- _INPUT DATA_:
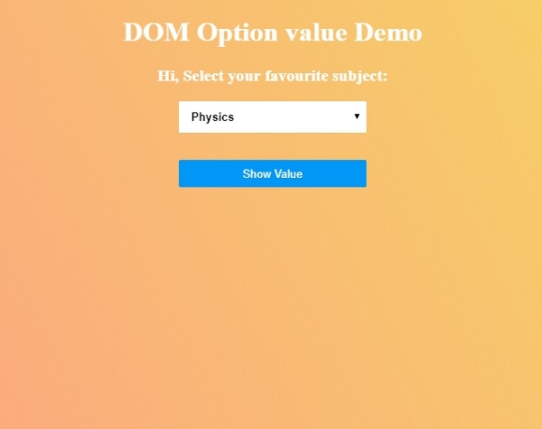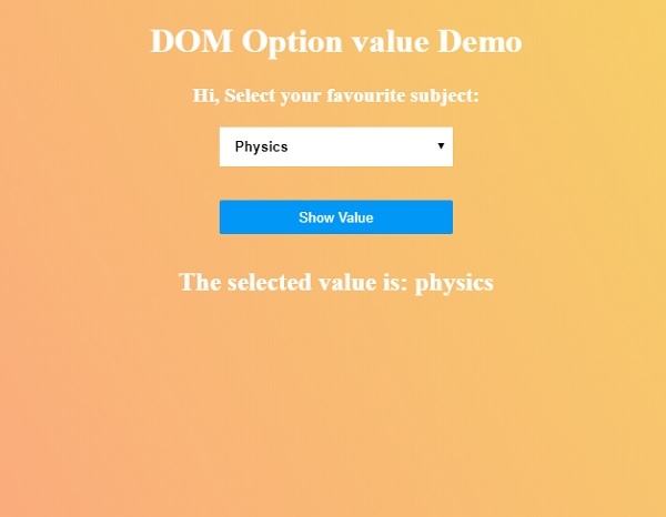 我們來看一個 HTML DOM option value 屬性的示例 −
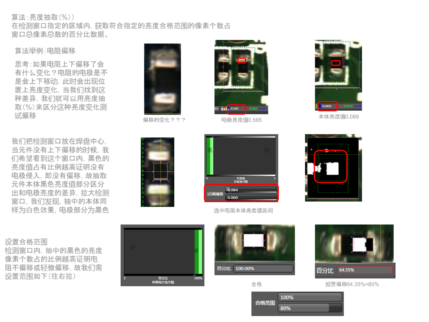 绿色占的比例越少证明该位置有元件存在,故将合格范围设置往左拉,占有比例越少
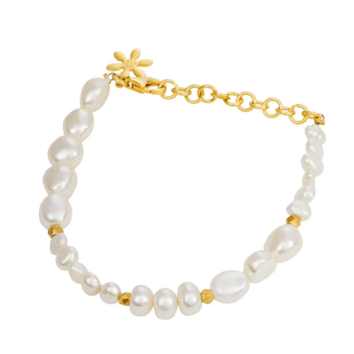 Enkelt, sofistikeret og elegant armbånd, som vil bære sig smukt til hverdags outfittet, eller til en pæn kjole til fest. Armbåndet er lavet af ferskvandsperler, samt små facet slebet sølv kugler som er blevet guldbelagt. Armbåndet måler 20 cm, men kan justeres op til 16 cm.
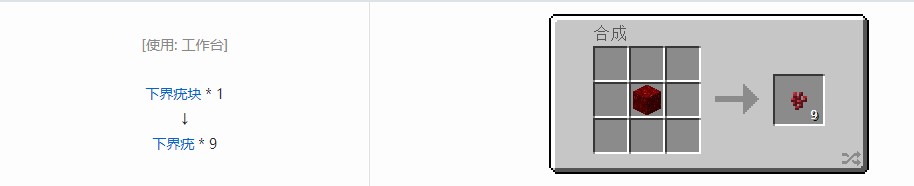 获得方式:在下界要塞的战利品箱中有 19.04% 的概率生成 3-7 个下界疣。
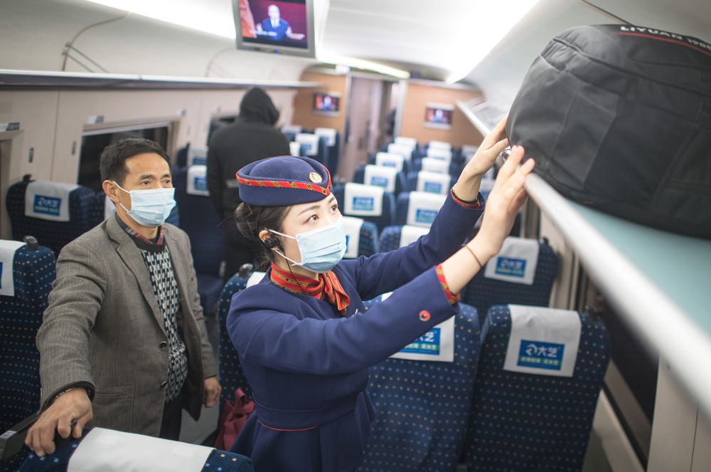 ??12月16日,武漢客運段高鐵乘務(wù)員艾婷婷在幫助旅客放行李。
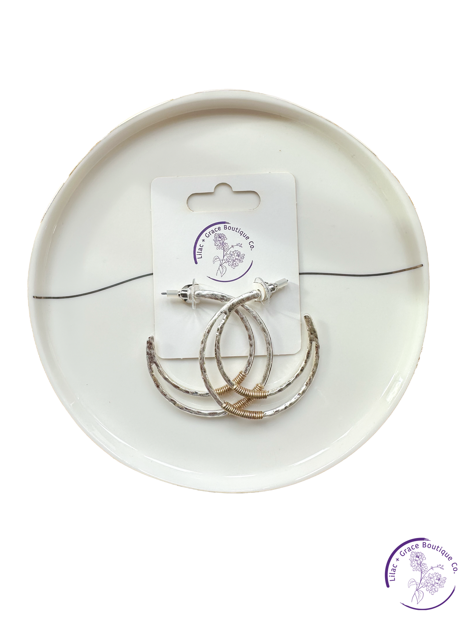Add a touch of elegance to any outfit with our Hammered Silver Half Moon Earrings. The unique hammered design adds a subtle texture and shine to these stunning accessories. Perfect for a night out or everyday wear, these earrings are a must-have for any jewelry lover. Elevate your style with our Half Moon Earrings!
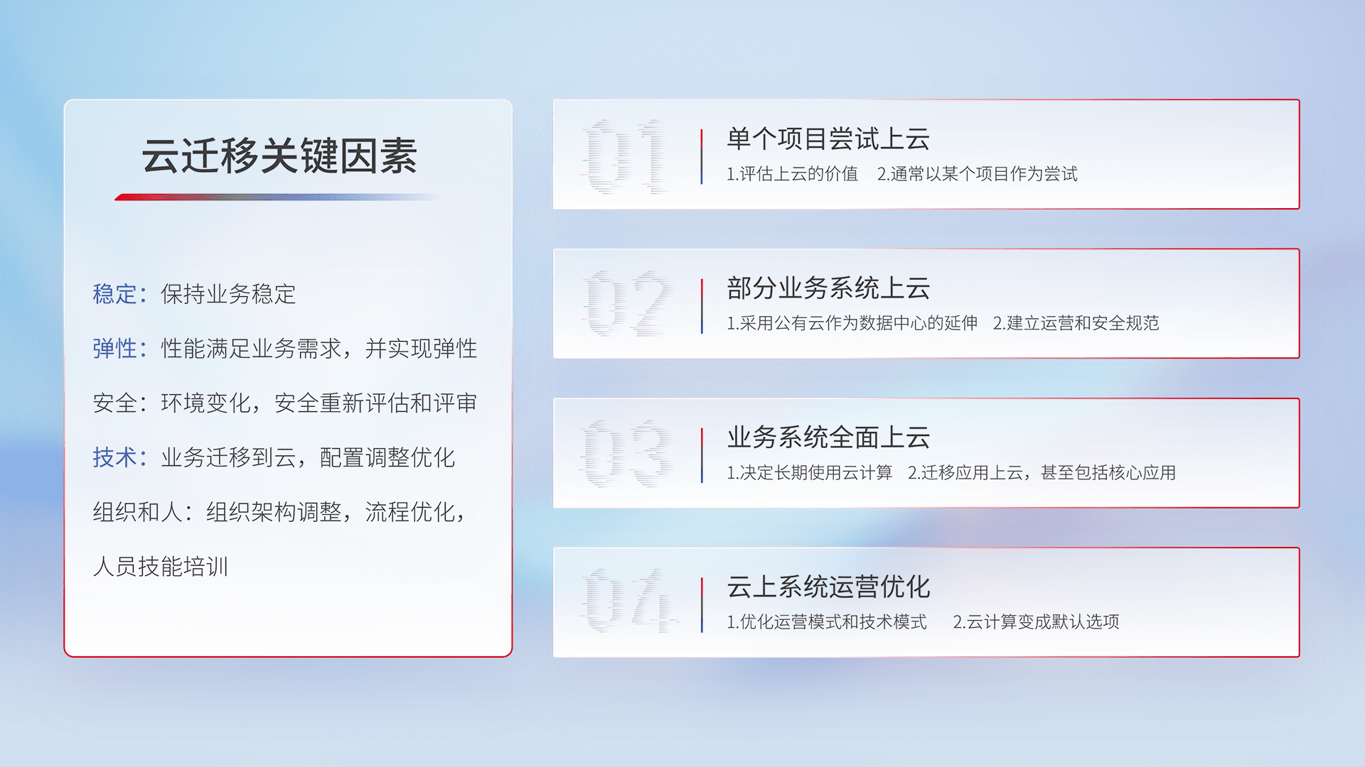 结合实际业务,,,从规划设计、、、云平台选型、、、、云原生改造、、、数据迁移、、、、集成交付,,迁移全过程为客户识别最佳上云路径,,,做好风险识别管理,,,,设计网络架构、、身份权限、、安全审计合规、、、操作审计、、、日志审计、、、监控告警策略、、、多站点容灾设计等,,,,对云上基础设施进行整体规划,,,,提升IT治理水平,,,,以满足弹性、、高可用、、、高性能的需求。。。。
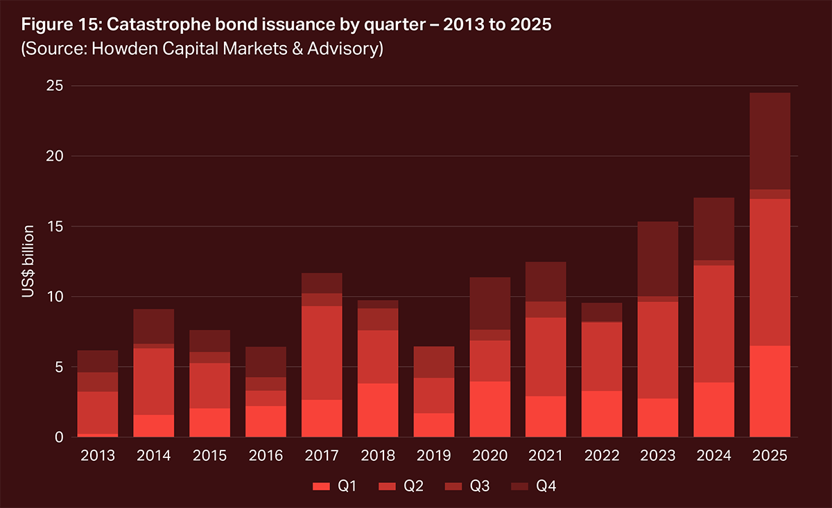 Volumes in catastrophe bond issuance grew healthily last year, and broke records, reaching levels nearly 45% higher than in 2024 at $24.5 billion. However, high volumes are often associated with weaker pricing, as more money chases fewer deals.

- _WORK TASK_: Copy all entries exactly; skip pictures.

- _OUTPUT FOR THIS TASK_:
 我們來看一個 HTML DOM option value 屬性的示例 −
 绿色占的比例越少证明该位置有元件存在,故将合格范围设置往左拉,占有比例越少
 Enkelt, sofistikeret og elegant armbånd, som vil bære sig smukt til hverdags outfittet, eller til en pæn kjole til fest. Armbåndet er lavet af ferskvandsperler, samt små facet slebet sølv kugler som er blevet guldbelagt. Armbåndet måler 20 cm, men kan justeres op til 16 cm.
 获得方式:在下界要塞的战利品箱中有 19.04% 的概率生成 3-7 个下界疣。
 ??12月16日,武漢客運段高鐵乘務(wù)員艾婷婷在幫助旅客放行李。
Add a touch of elegance to any outfit with our Hammered Silver Half Moon Earrings. The unique hammered design adds a subtle texture and shine to these stunning accessories. Perfect for a night out or everyday wear, these earrings are a must-have for any jewelry lover. Elevate your style with our Half Moon Earrings!
 结合实际业务,,,从规划设计、、、云平台选型、、、、云原生改造、、、数据迁移、、、、集成交付,,迁移全过程为客户识别最佳上云路径,,,做好风险识别管理,,,,设计网络架构、、身份权限、、安全审计合规、、、操作审计、、、日志审计、、、监控告警策略、、、多站点容灾设计等,,,,对云上基础设施进行整体规划,,,,提升IT治理水平,,,,以满足弹性、、高可用、、、高性能的需求。。。。
 Volumes in catastrophe bond issuance grew healthily last year, and broke records, reaching levels nearly 45% higher than in 2024 at $24.5 billion. However, high volumes are often associated with weaker pricing, as more money chases fewer deals.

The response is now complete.